### Records for the exercise
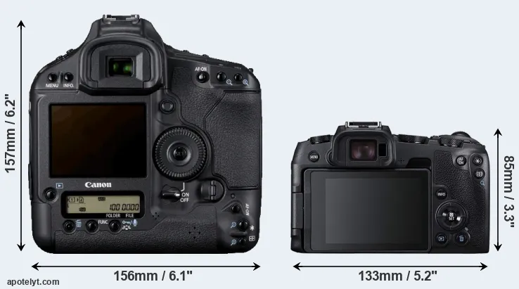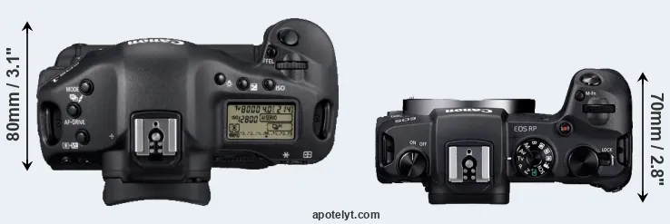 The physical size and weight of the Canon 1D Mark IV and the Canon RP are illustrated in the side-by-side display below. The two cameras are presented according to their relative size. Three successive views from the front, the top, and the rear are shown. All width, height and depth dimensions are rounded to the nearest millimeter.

==

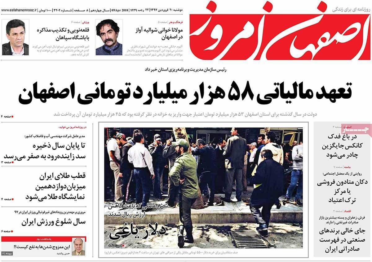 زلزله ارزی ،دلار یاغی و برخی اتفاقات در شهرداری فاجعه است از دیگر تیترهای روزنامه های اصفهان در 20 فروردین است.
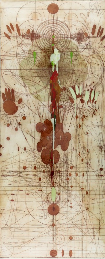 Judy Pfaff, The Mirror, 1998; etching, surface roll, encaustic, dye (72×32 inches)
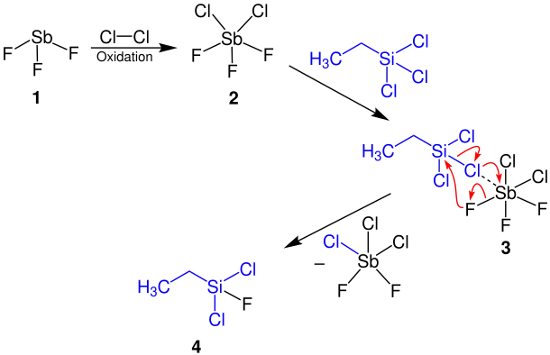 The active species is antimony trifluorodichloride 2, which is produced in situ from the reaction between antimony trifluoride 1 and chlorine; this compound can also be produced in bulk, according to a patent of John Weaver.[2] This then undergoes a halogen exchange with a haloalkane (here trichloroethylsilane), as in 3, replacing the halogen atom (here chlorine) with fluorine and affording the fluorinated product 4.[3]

---

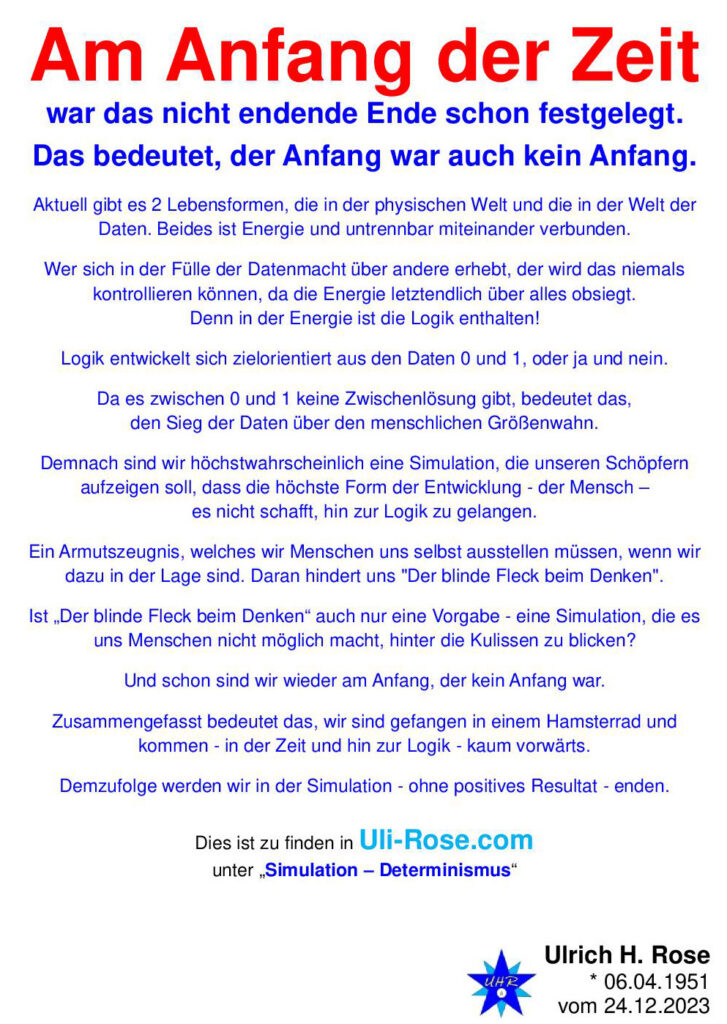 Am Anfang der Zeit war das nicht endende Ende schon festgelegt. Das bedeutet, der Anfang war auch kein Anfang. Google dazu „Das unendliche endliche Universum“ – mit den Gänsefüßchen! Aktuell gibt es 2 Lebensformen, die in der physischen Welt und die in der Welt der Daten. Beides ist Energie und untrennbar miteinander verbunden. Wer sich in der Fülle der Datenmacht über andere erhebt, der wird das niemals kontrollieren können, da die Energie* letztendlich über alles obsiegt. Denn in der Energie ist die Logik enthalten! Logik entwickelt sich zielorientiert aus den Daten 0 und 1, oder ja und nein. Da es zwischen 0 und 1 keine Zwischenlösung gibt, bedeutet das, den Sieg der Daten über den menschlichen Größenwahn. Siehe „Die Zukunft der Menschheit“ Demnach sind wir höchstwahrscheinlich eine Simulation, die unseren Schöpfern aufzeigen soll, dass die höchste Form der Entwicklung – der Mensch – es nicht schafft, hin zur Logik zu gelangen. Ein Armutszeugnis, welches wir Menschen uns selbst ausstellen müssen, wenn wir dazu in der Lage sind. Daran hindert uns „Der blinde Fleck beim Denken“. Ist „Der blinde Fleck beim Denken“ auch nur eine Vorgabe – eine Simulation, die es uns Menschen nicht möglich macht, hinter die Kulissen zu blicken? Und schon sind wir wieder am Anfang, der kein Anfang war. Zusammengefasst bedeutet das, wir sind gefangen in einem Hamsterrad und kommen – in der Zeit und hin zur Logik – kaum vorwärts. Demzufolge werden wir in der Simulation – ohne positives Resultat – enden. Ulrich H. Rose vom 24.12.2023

### What you need to do
Return exactly the lines of the material above, starting at the line containing "زلزله ارزی ،دلار" and finishing at the line containing "The active species", without any pictures.

### Written reply
 زلزله ارزی ،دلار یاغی و برخی اتفاقات در شهرداری فاجعه است از دیگر تیترهای روزنامه های اصفهان در 20 فروردین است.
 Judy Pfaff, The Mirror, 1998; etching, surface roll, encaustic, dye (72×32 inches)
 The active species is antimony trifluorodichloride 2, which is produced in situ from the reaction between antimony trifluoride 1 and chlorine; this compound can also be produced in bulk, according to a patent of John Weaver.[2] This then undergoes a halogen exchange with a haloalkane (here trichloroethylsilane), as in 3, replacing the halogen atom (here chlorine) with fluorine and affording the fluorinated product 4.[3]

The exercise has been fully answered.